Supplied information:
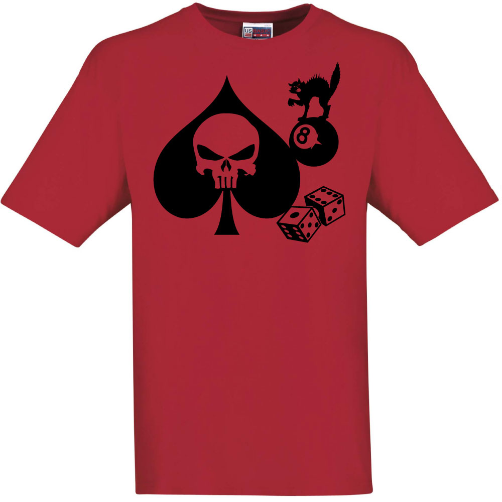 Tee shirt rouge manches courtes pique tête de mort, jeu de dés, chat méchant
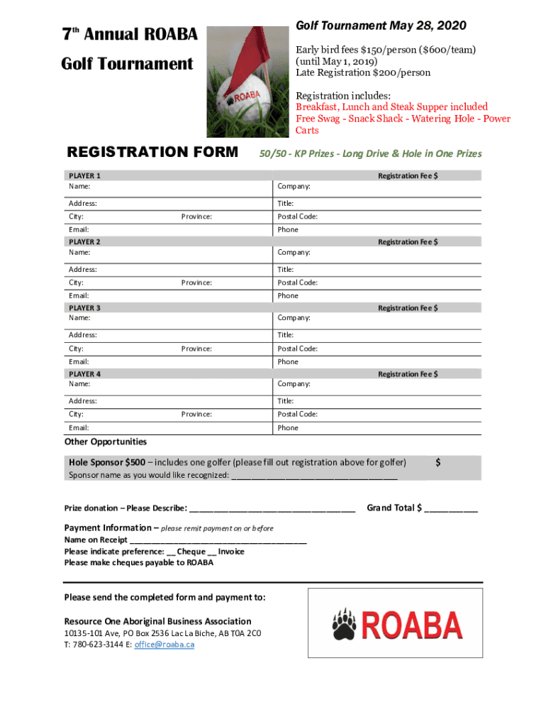 Golf Tournament May 28, 20207th Annual ROABAEarly bird fees $150/person ($600/team)
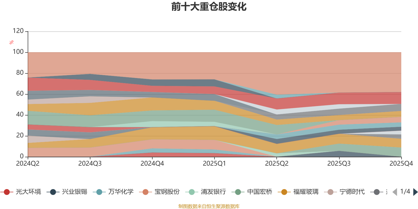 该基金持股集中度较高。截至2025年末,基金十大重仓股分别是紫金矿业、中国宏桥、福耀玻璃、宝丰能源、中国海洋石油、亚钾国际、珀莱雅、盐湖股份、亿联网络、顺丰控股。

Work required: The whole listing should be printed again exactly as written, images excluded.

Task answer:
 Tee shirt rouge manches courtes pique tête de mort, jeu de dés, chat méchant
 Golf Tournament May 28, 20207th Annual ROABAEarly bird fees $150/person ($600/team)
 该基金持股集中度较高。截至2025年末,基金十大重仓股分别是紫金矿业、中国宏桥、福耀玻璃、宝丰能源、中国海洋石油、亚钾国际、珀莱雅、盐湖股份、亿联网络、顺丰控股。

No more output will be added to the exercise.